N°133 – Ombre : « Je me demande si tu ne manœuvres pas dans l’ombre pour manipuler Lola. » (Nina s’adressant à Vera)
 

N°134 – Orphelins : Dans la pièce, Lola, une des héroïnes lesbiennes, est fille de divorcés. Quant à Nina, son amante, elle n’a pas été désirée par sa mère qui aurait voulu avorter. Et son père a mis du temps à l’adopter : « Ma mère ne m’a jamais aimée. La preuve : elle ne voulait pas me garder. Et mon père… j’avais un an quand il m’a reconnue. »
 

N°135 – Oubli et Amnésie (Trou noir) : « Je ne suis rien. Je suis une absence. Une lacune. Un trou noir. » (Nina)
 

N°136 – Parodie de mômes : « Lola, viens ici. Je ne t’autorise pas à faire ce genre de caprice. » (Vera s’adressant à son amante Lola en la grondant) ; « Ça va ! Je suis pas ta mère ! » (Lola s’adressant à son amante Nina, idem) ; « Tu ne sais jamais rien.
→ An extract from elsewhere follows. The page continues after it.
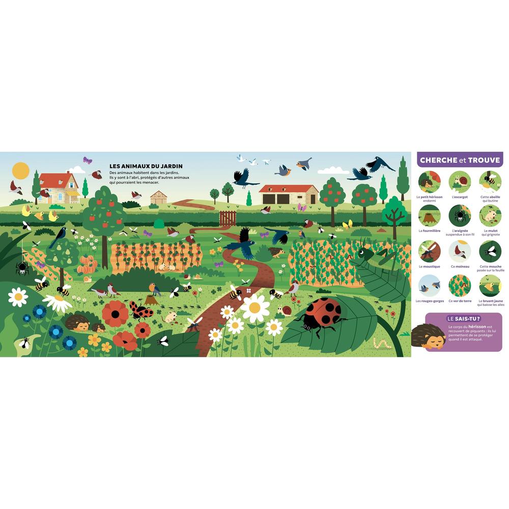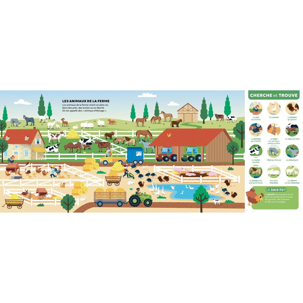 9 large search-and-find boards on the theme of animals (farm, forest, sea, savannah...), related documentary information on the large flaps, and 2 double-page documentaries at the end for those who want to know even more!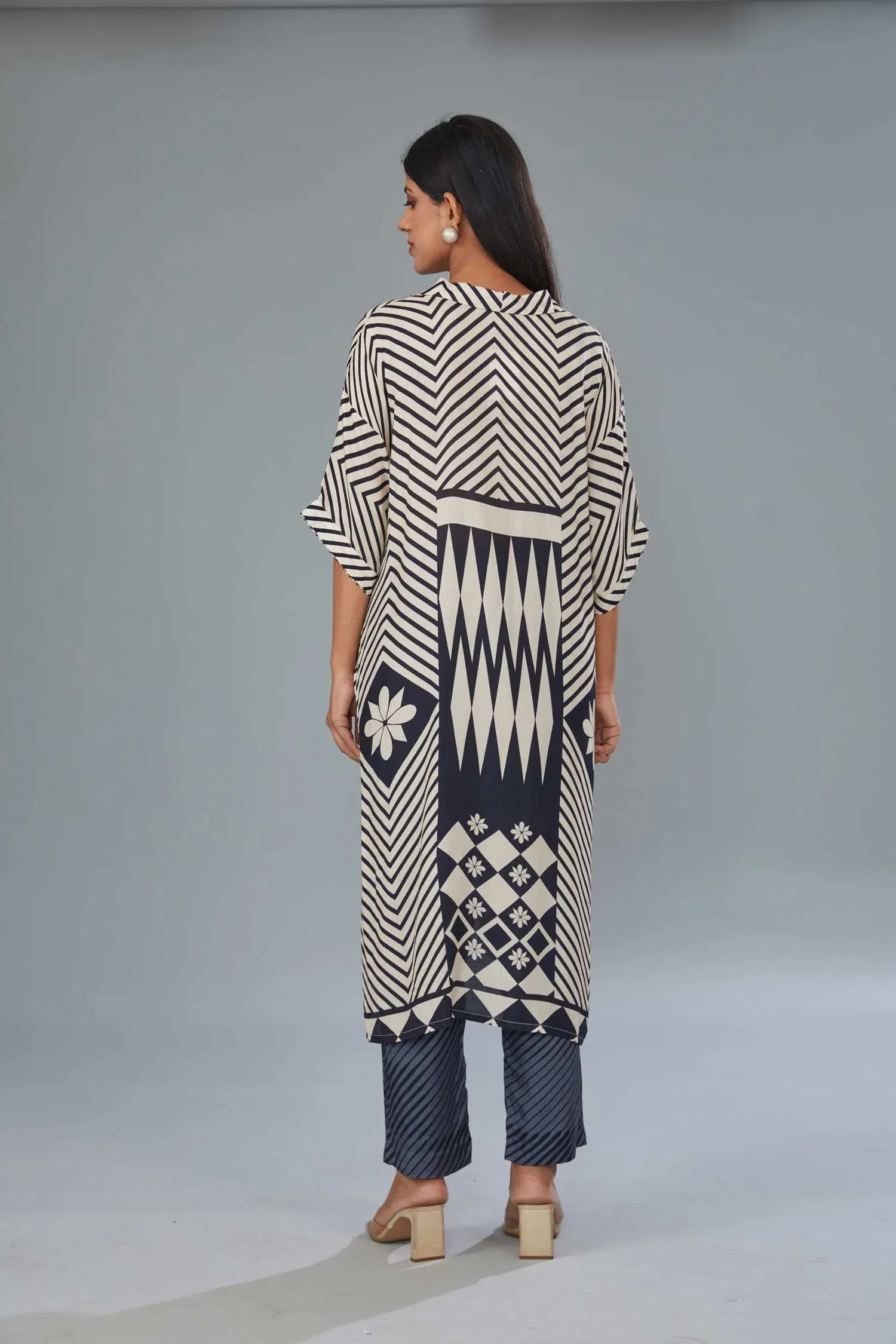 Make a bold yet refined statement with our Monochrome Muse Printed Co-Ord Set. Designed in striking black and ivory tones, this ensemble features an artistic mix of geometric and floral prints that create a modern, standout look.

J’en ai assez de te materner, Nina. » (idem) ; « Tu es une petite fille dans ta tête. » (Vera s’adressant à Nina, idem) ; « Oui, c’est confortable de stagner dans l’enfance. » (Lola parlant de Nina à Vera) ; etc.
 

N°137 – Parricide la bonne soupe : « Mon père… j’avais un an quand il m’a reconnue. » (Nina)
 

N°153 – Quatuor : avec le quatuor machiavélique Vera/Pierre-André/Nina/Lola.
 

N°159 – Se prendre pour Dieu : « Tu avais le pied émouvant. » (Vera s’adressant à son amante Lola)
 

N°164 – Substitut d’identité : « Oui, vous n’êtes pas à ma place. » (Vera s’adressant à Nina)
 

N°174 – Trio : Dans la pièce, Lola trompe sa copine Vera d’un commun accord avec Nina. Un trio diabolique s’organise autour des calculs machiavéliques de Vera… et pour faire tomber Nina : « Nina, tu es une fantaisie que j’accorde à Lola. » (Vera s’adressant à sa rivale Nina)
 

N°175 – « Un Petit Poisson Un Petit Oiseau » : Le haut et le bas correspondent parfois symboliquement à l’hétérosexualité et à l’homosexualité : « Tu ne peux pas être partout : en l’air avec le dentiste, sur terre avec Lola. » (Vera s’adressant à son amante Nina)
 

N°183 – Voyage : Dans la pièce, les « déplacements à l’étranger » de Lola étaient en réalité des bobards pour masquer ses infidélités « extraconjugales » à Vera.